Here, PC1 is a Dell Dimension XPS d333 machine, and the device I am using is TurtleBeach montego (vintage gaming sound card).

Doing so, results in a bee swarm sound (not 50 Hz mains hum, but a tone with a fundamental around 160 Hz), with or without the shield connected.

What I have tried or thought of:

  • Record "What you hear" on PC 1. This would add to much latency. I need Windows 98 to host the card, and thus, I do not have access to a low-latency API. Also, even if the synthesizer worked on ALSA, streaming data back through TCP would also add too much latency (MIDI commands uses a custom UDP based protocol with fixed sized packets).

  • Use the soundfont from PC 1 in a soundfont player. It should work, but the file is in a proprietary format that needs to be reverse engineered.

  • Separating the two grounds solves the problem, but introduces other strange artefacts like unexpected voltage on chassis.

  • From the schematics, you can see that there is no true ground, since the setup is in a room without grounded sockets. I temporarily (and probably illegally) tried to power the system from from a socket in another room with ground, to see if that would help. Doing so did not help, so paying an electrician for adding grounded sockets to the room would not give any payback.

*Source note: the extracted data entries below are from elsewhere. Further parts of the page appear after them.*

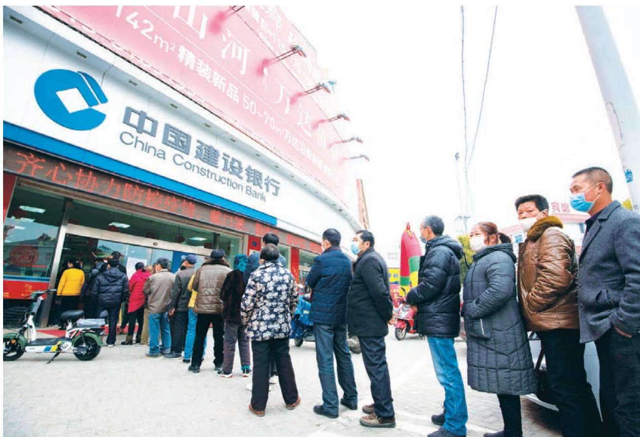
中國人從銀行存取五萬元人民幣現金需要登記。

自然人客戶是一個法律概念，自然人是指在自然條件下誕生的人，自然人與法人都是民事主體。自然人客戶的「身分基本信息」包括客戶的姓名、性別、國籍、職業、住所或者工作單位地址、聯繫方式、身分證件或者身分證明文件的種類、號碼和有效期限。客戶的住所與經常居住地不一致的，登記客戶的經常居住地。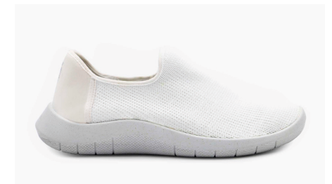
GAIA 1741 White Damen € 89.95 | Größen 35 - 42

Alle Modelle auch online erhältlich unter: www.strickschuhe.de Vorrätig auf Lager und sofort lieferbar!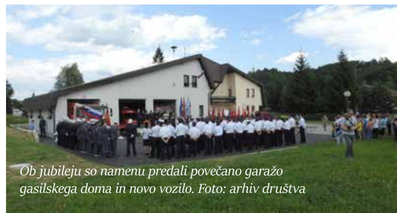
Ob jubileju so namenu predali povečano garažo gasilskega doma in novo vozilo.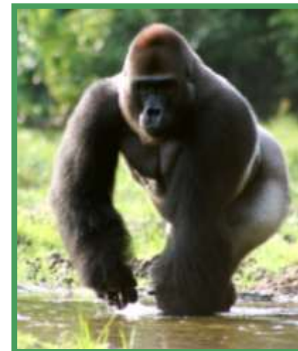
Parc National 1.253 Km²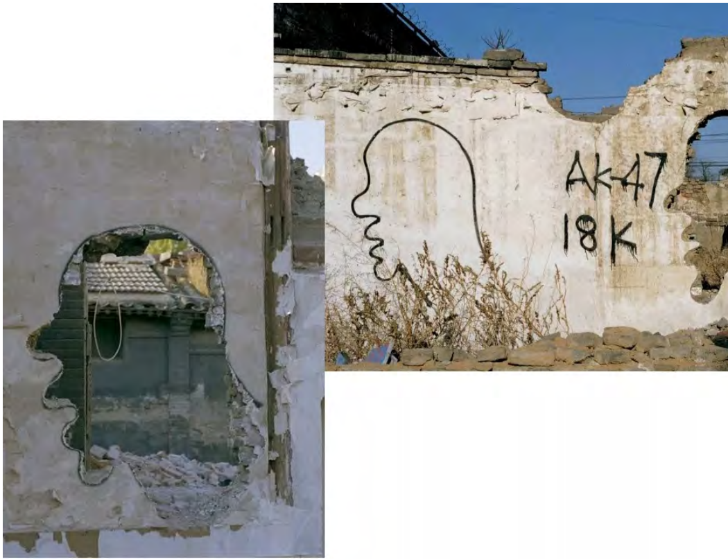
(左) 《拆 2001410D》2012, 图片: 奕来画廊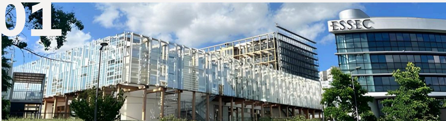
ESSEC Business School à Cergy - photo Deltexplan

Deltexplan intervient en tant qu'OPC pour moderniser les infrastructures du campus. La rénovation des bâtiments, l'expansion des espaces, l'intégration de la durabilité, ainsi que l'amélioration de la vie étudiante grâce à de nouvelles installations et services, notamment la construction de la Tour Verte de Recherche et du Centre d'Apprentissage Créatif.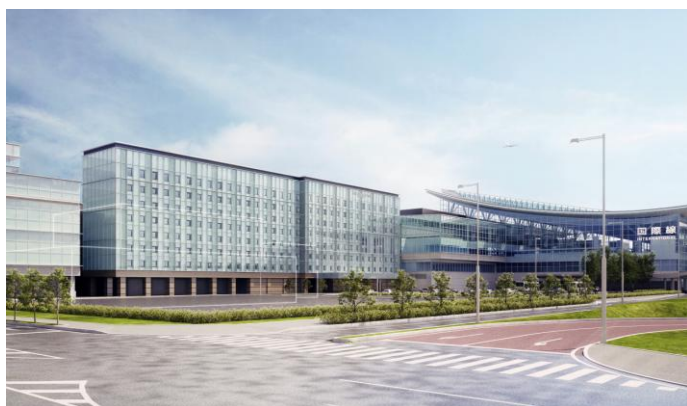
■ホテル棟外観パース

ホテルコンセプトは「夢みる箱」。世界を旅する人々の記憶に残るホテルとして、機能性、快適性はもちろん、随所に遊び心と楽しさを兼ね備えたお洒落なシティホテルとします。また、保安エリア*1に17室の客室、リフレッシュルームなどを有する日本初のトランジットホテル*2として、海外からの乗継のお客様にも快適なくつろぎの時間をご提供いたします。「世界に一番近い日本のホテル」として、高い利便性と機能性と共に、ロイヤルパークホテルズならではの高いホスピタリティを発揮し、日本の「おもてなし」文化の発信拠点を目指します。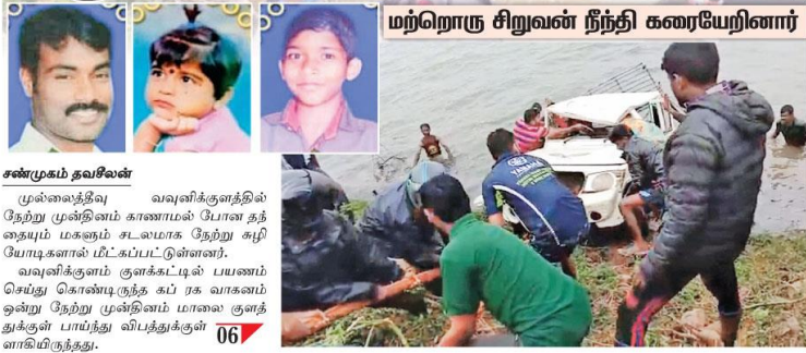
மற்றொரு சிறுவன் நீந்தி கரையேறினார்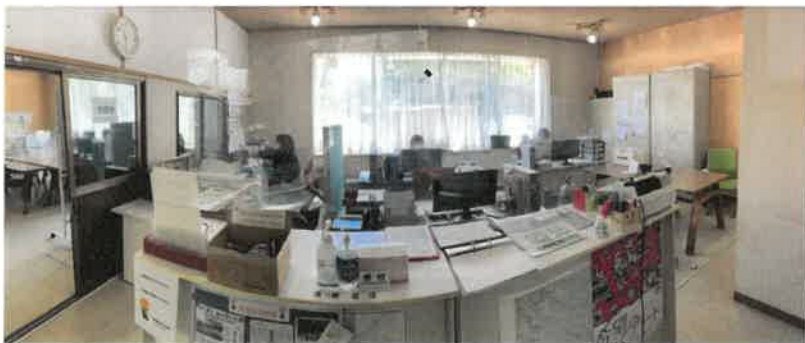
事務所 (石巻市PTA協議会さんも一緒です)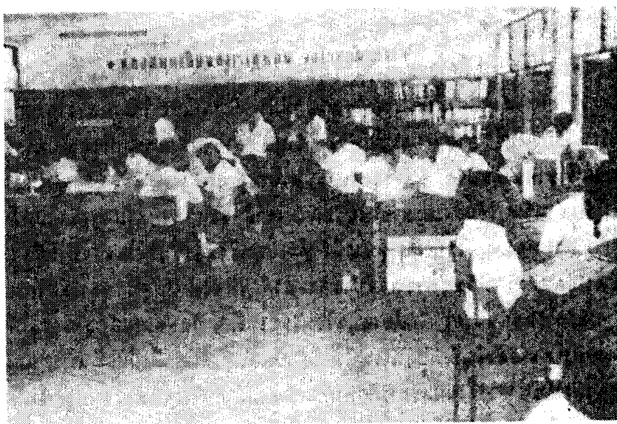
ห้องสมุดโรงเรียนเทพศิลา กรุงเทพมหานคร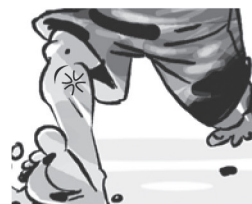
Dor nos músculos ou dor no corpo.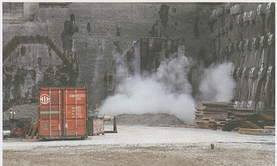
Il 12 aprile è iniziato il controavanzamento anche dal portale sud di Vezia.

dere in sotterraneo e rendersi conto personalmente dell'imponenza dell'opera che stiamo realizzando per garantire la mobilità del futuro nella nostra regione. Segnatevi la data e ...buona estate!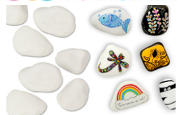
Galets en marbre blanc - Lot de 6 Réf : 11519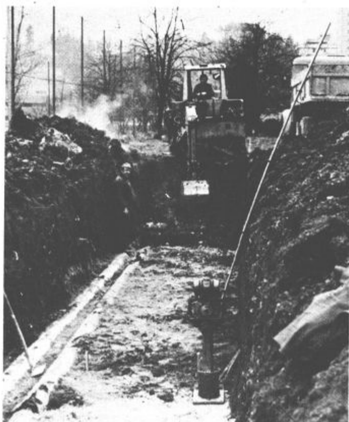
Delavci Vekosa—tozd Toplovod ob Šaleški cesti menjujejo poškodovane toplovodne cevi. Čeprav del, ki jih bodo morali opraviti, ni malo, morajo poleg izkopa precejšnjih kubikov zemlje zamenjati vse iztrošene cevi, obzidati jašek, bodo nalogo predvidoma končali prihodnji mesec.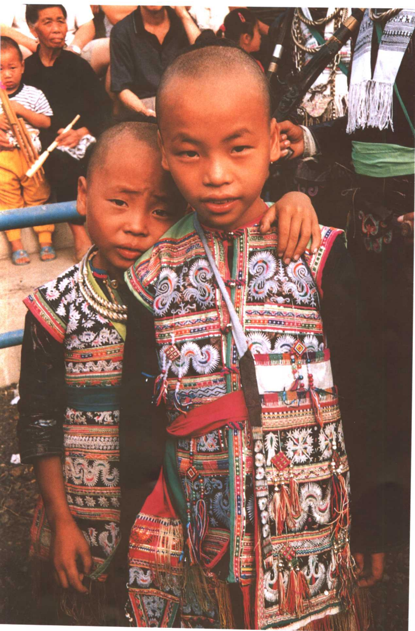
岜沙儿童蜡染童装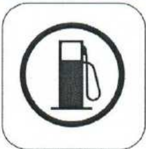
Begin of Refuel Zone

Colour of Control Area Entry: YELLOW Colour of Control: RED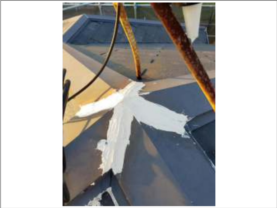
屋根 下地処理施工後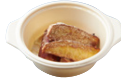
サツマイモの フライドポテト 540yen

  • Another solution could be an audio transformer. I tried that, but the problem remains + it adds 50 Hz mains hum to the signal.

  • Use some RF modulation and a pair of antenna. This requires a good choice of modulation frequency, or some kind of isolation box (for 2.4 GHz, a cavity surrounded by water would do the trick.

  • Add a linebox. The USB audio device can drive 48 V phantom, if required by the linebox. Maybe http://artproaudio.com/isolators/product/cleanbox_pro/, however, the manual says that I need properly grounded mains power, which I do not have.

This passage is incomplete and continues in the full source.